• WHAT THIS TASK INVOLVES:
Retype the opening lines of the listing below, ending with the line that contains "SUV,如 Jeep Wagoneer", and leave out any pictures.

• DATA SHOWN:
════════════════════

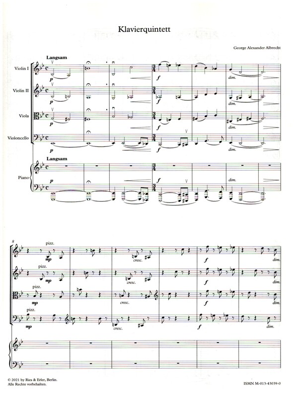 | Untertitel: | für 2 Violinen, Viola, Violoncello und Klavier Partitur und Stimmen |
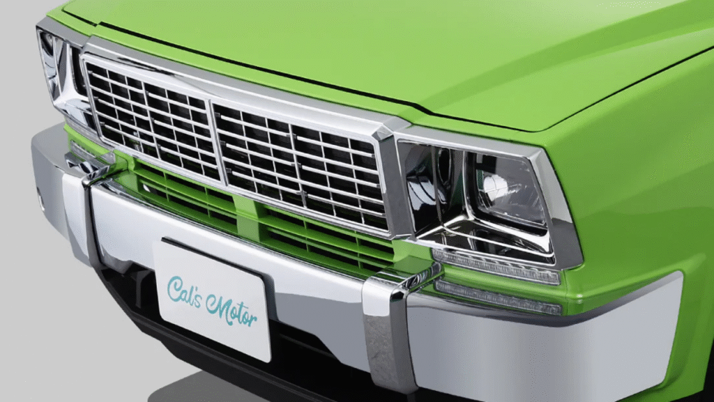 前脸是这台车的最大亮点。Cal’s Motors 以厚实的直立式格栅取代原厂的运动化设计,中央嵌入镀铬横条与品牌字样,散发浓浓美式风情。圆形复古头灯搭配镀铬包圈,让人瞬间联想到上世纪的经典 SUV,如 Jeep Wagoneer 或 Ford Bronco 的设计语言。保险杠下方加入金属防撞饰板,既实用又为车头增添冒险气息。车侧线条被重新修饰,腰线更平直,窗框加上银色饰条,整体造型更显优雅怀旧。
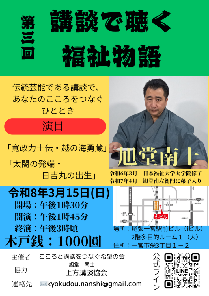 精神保健福祉士の資格を持ち、精神障害者の就労支援の経験がある講談師・旭堂南士が、そんな精神障害者が抱えてきた差別の歴史、彼らへの支援や福祉の経緯、そして現在の状況など、精神障害者に関することを幅広く皆様に読み聞かせ致します。

════════════════════

• RESULT:
 | Untertitel: | für 2 Violinen, Viola, Violoncello und Klavier Partitur und Stimmen |
 前脸是这台车的最大亮点。Cal’s Motors 以厚实的直立式格栅取代原厂的运动化设计,中央嵌入镀铬横条与品牌字样,散发浓浓美式风情。圆形复古头灯搭配镀铬包圈,让人瞬间联想到上世纪的经典 SUV,如 Jeep Wagoneer 或 Ford Bronco 的设计语言。保险杠下方加入金属防撞饰板,既实用又为车头增添冒险气息。车侧线条被重新修饰,腰线更平直,窗框加上银色饰条,整体造型更显优雅怀旧。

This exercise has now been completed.